You may be interested in this article which deals with the same issue: GUIDs are globally unique, but substrings of GUIDs aren't.
The goal of this algorithm is to use the combination of time and location ("space-time coordinates" for the relativity geeks out there) as the uniqueness key. However, timekeeping is not perfect, so there's a possibility that, for example, two GUIDs are generated in rapid succession from the same machine, so close to each other in time that the timestamp would be the same. That's where the uniquifier comes in.
I usually do it like this:
$this->password = '';
for($i=0; $i<10; $i++)
{
if($i%2 == 0)
$this->password .= chr(rand(65,90));
if($i%3 == 0)
$this->password .= chr(rand(97,122));
if($i%4 == 0)
$this->password .= chr(rand(48,57));
}
I suppose there are some theoretical holes but I've never had an issue with duplication. I usually use it for temporary passwords (like after a password reset) and it works well enough for that.
As Frank Kreuger commented, go with a GUID generator.
Like this one
I'm still not seeing why the passwords have to be unique? What's the downside if 2 of your users have the same password?
This is assuming we're talking about passwords that are tied to userids, and not just unique identifiers. If that's what you're looking for, why not use GUIDs?
You might be interested in Steve Gibson's over-the-top-secure implementation of a password generator (no source, but he has a detailed description of how it works) at https://www.grc.com/passwords.htm.
The site creates huge 64-character passwords but, since they're completely random, you could easily take the first 8 (or however many) characters for a less secure but "as random as possible" password.
EDIT: from your later answers I see you need something more like a GUID than a password, so this probably isn't what you want...
I do believe that part of your issue is that you are trying to us a singular function for two separate uses... passwords and transaction_id
these really are two different problem areas and it really is not best to try to address them together.
I recently wanted a quick and simple random unique key so I did the following:
$ukey = dechex(time()) . crypt( time() . md5(microtime() + mt_rand(0, 100000)) );
So, basically, I get the unix time in seconds and add a random md5 string generated from time + random number. It's not the best, but for low frequency requests it is pretty good. It's fast and works.
I did a test where I'd generate thousands of keys and then look for repeats, and having about 800 keys per second there were no repetitions, so not bad. I guess it totally depends on mt_rand()
I use it for a survey tracker where we get a submission rate of about 1000 surveys per minute... so for now (crosses fingers) there are no duplicates.

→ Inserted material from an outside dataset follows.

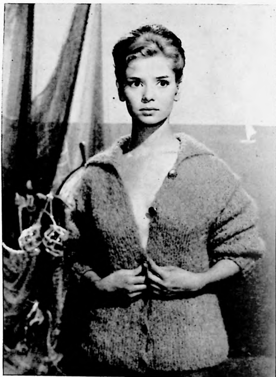
Marie-José Nat, otra revelación de la moderna cinematografía gala, interviene a la cabeza del reparto incluido en el capítulo de "El Matrimonio".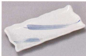
23711-181 そよ風前菜皿 630円 (22×11×2.8cm)

Of course, the rate is not constant (we get the submissions at certain times of the day) so this is not fail proof nor the best solution... the tip is using an incremental value as part of the key (in my case, I used time(), but could be better).
Ingoring the crypting part that does not have much to do with creating a unique value I usually use this one:
function GetUniqueValue()
{
static $counter = 0; //initalized only 1st time function is called
return strtr(microtime(), array('.' => '', ' ' => '')) . $counter++;
}
When called in same process $counter is increased so value is always unique in same process.
When called in different processes you must be really unlucky to get 2 microtime() call with the same values, think that microtime() calls usually have different values also when called in same script.
I usually do a random substring (randomize how many chars between 8 an 32, or less for user convenience) or the MD5 of some value I have gotten in, or the time, or some combination. For more randomness I do MD5 of come value (say last name) concatenate that with the time, MD5 it again, then take the random substring. Yes, you could get equal passwords, but its not very likely at all.